Memory on GPUs is global as well, so I have no idea what you're talking about. There is also so-called "shared" memory (CUDA terminology, OpenCL is different) which is per block, but that's just some local scratch memory shared by a group of threads.

Accessing global memory on GPUs is extremely slow and there is a strict memory heirarchy that you have to adhere to in order to get any kind of performance. This heirarchy is what makes it a pain to program for and why you need special tools and kernels in the first place. Any problem where you need random access over a large amount of data is just not feasible on GPUs.

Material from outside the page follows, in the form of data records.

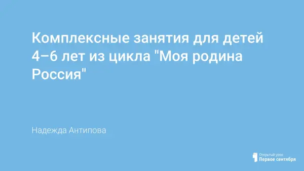 Цикл комплексных развивающих занятий «Моя родина – Россия» знакомит детей 4–6 лет с такими основополагающими понятиями, как "родина", "символика государства" (гимн, герб, флаг), "столица".
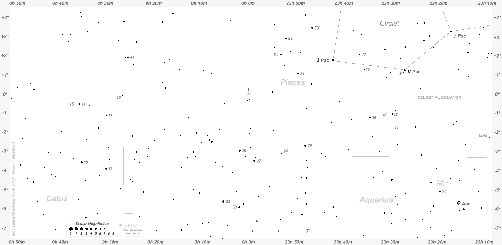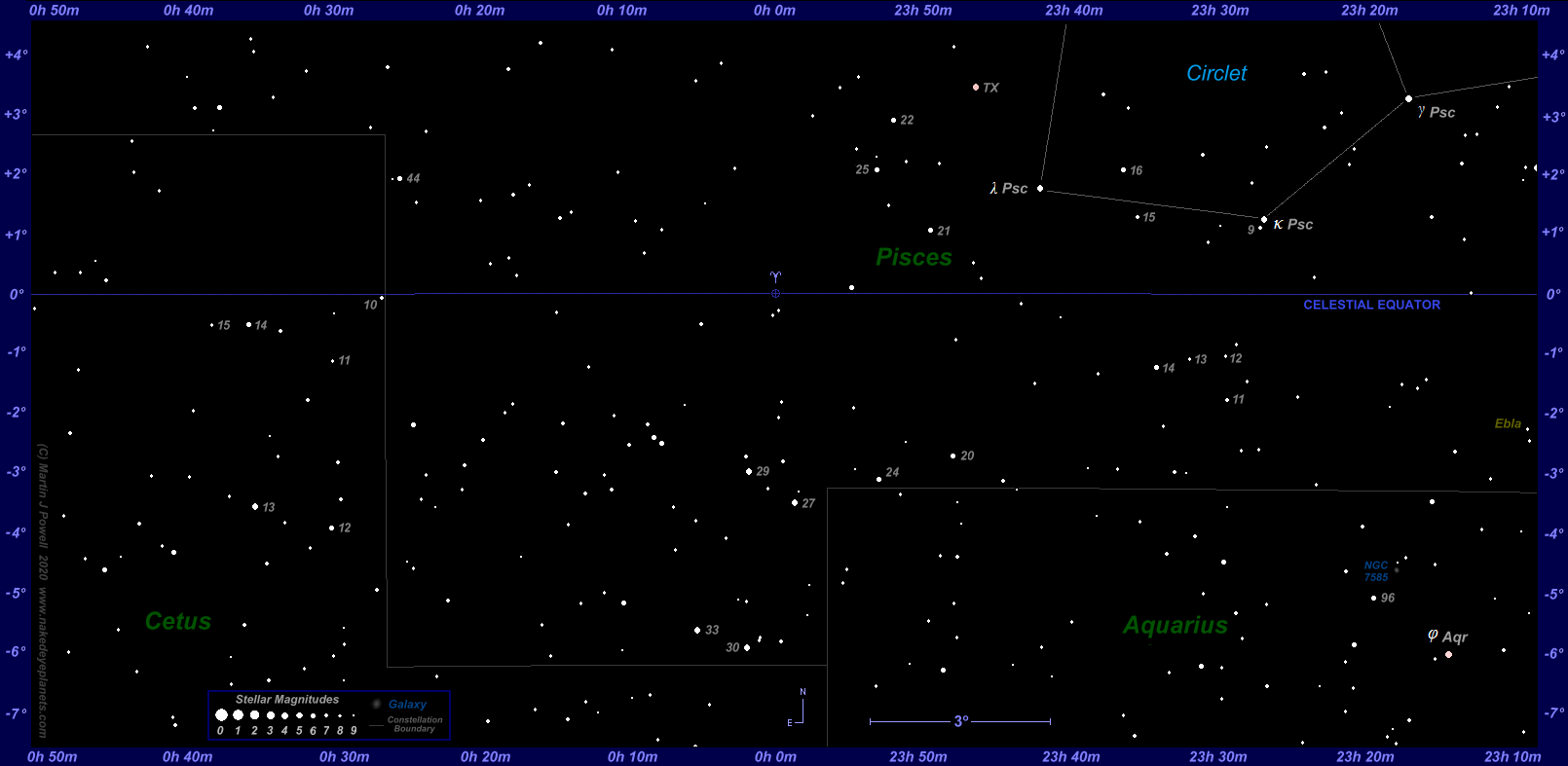 Neptune entered the constellation of Pisces, the Fishes, in early May 2022, where it will be mostly positioned through to May 2039. During this 17-year period Neptune retrogrades back into Aquarius, the Water Carrier, in August 2022 and November 2023 (in the latter case for just ten days). The planet crosses the celestial equator (where the declination of a celestial body is 0°) in Pisces in April 2026 (heading North-eastwards and moving direct), in September 2026 (heading South-westwards and moving retrograde) and again in February 2027 (resuming North-easterly motion, moving direct).
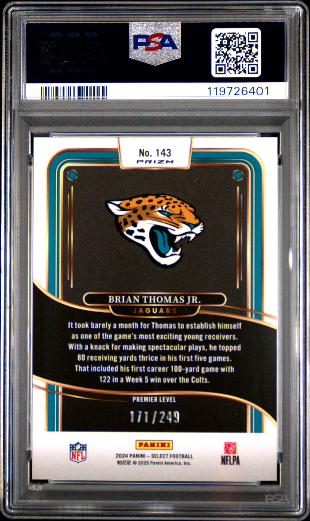 You are purchasing the following: 2024 Panini Select Brian Thomas JR. Tri Color Prizm #143 PSA 10 . You will receive the exact item in the photographs. Note: Please do not connact us and asking the following: 1. What is the lowest you would take? Just make an offer. If the offer is automatically declined, you have your answer. 2. What the best you can do? See above. Not repling to an email is a reply. 3. Any room on this? See above. Not repling to an offer is a reply. 4. We ONLY do one counter offer, so please make your best offer the first time! Note: If the price off, in your option, please send your resaoning and an offer. We will review it. Note: We manage nearly 10 millon cards regularly and will adjust prices as errors are noticed or pointed out! Listed With Mascot.
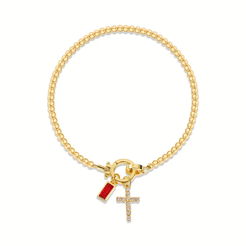 Carry the power of divine protection with you â wherever life takes you. The Paperclip Birthstone Cross Charm Bracelet is a joyful expression of faith and style. Whether layered or worn as a standalone statement, it adds a pop of color and sophistication to any outfitâperfect for brightening both your look and your day.
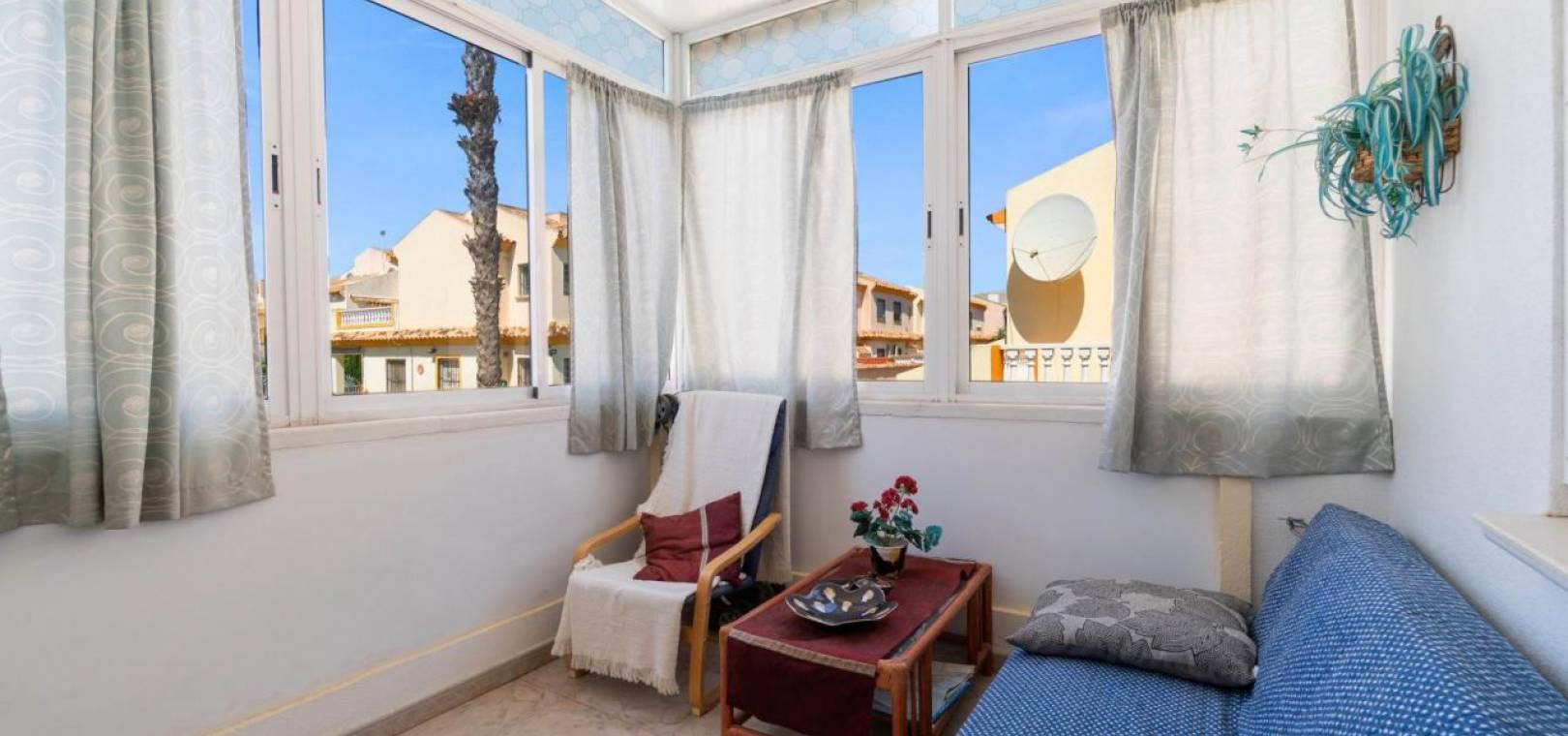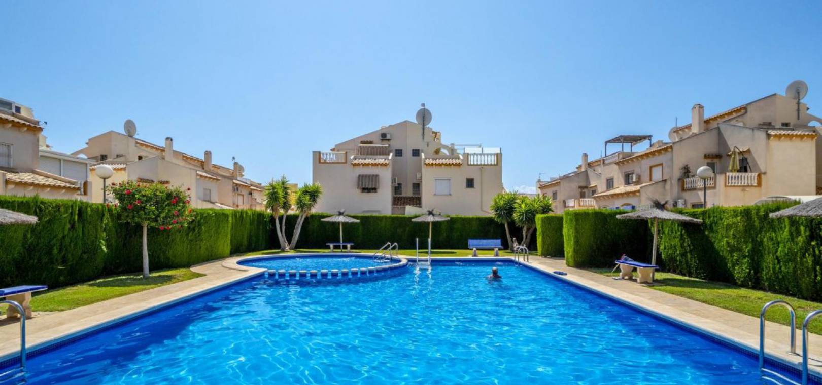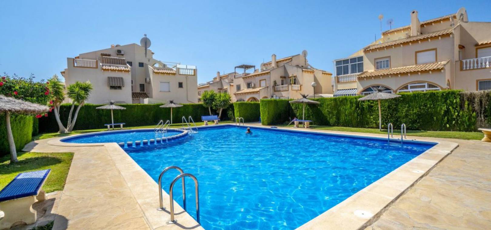 A South West facing 2 bed 2 bath quad house located in Res. Perla del Mar, Playa Flamenca, Costa Blanca. Virtual Viewing Available On This Property!

There is nothing nighmarish of the above

Please stop deforming what I'm saying. What is nightmarish is finding the optimal work distribution and scheduling of a heterogeneous or irregular system.
Platforms like GPUs are only fit for regular problems. Most HPC applications written using OpenMP or MPI are regular as well. Whether the MIC will be able to enable good scalability of irregular problems remains to be seen, but the first applications will definitely be regular ones.

For those kinds of problems there is n't anything in the MIC that will set the world on fire other than the easier programming model as it basically comes down to bandwidth and FLOPS. However from what I have seen in terms of architecture there are a number of areas where it should perform nicely. FYI, if you havee n't already read it:

http://newsroom.intel.com/servlet/JiveServlet/download/38-11511/Intel_Xeon_Phi_Hotchips_architecture_presentation.pdf

Comment Re:Why so little memory? (Score 1) 67

On a card with 8GB your effective memory accessible per core is 8GB, lots of problems have large data sets that can be shared over cores such as the example I gave. In fact this is a major advantage of MIC versus GPUs.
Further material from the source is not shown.